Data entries
====

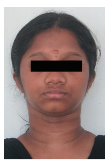
FIGURE 3: Extraoral photographs.

Since the patient's main complaint was missing incisor, she was not interested in getting orthodontic treatment
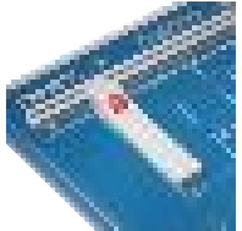
Two scale bars with mm scale for an exact 90° cut
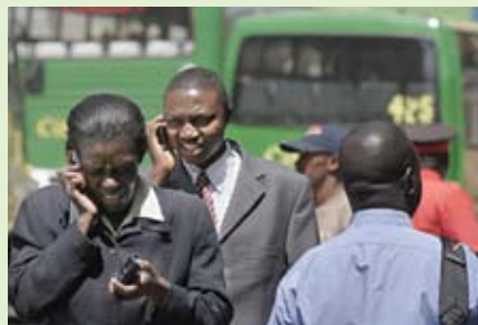
Mobile phone users in Nairobi, Kenya: A new agreement aims to link Africa’s major cities electronically by 2012.

tion superhighway would be an East African submarine cable between South Africa and Sudan that would bring fast and cheap bandwidth to at least 23 African countries.
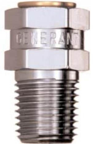
VRV Vent to Atmosphere

(based on sealing selection, see ordering information)
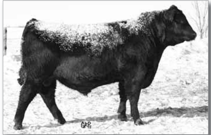
LOT 32 - BROOKMORE DENSITY 55X
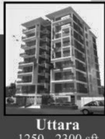
Uttara 1250 - 2300 sft

====

## Activity
Across the records above, return every line that contains the word "Africa".

## Response to the task
Mobile phone users in Nairobi, Kenya: A new agreement aims to link Africa’s major cities electronically by 2012.
tion superhighway would be an East African submarine cable between South Africa and Sudan that would bring fast and cheap bandwidth to at least 23 African countries.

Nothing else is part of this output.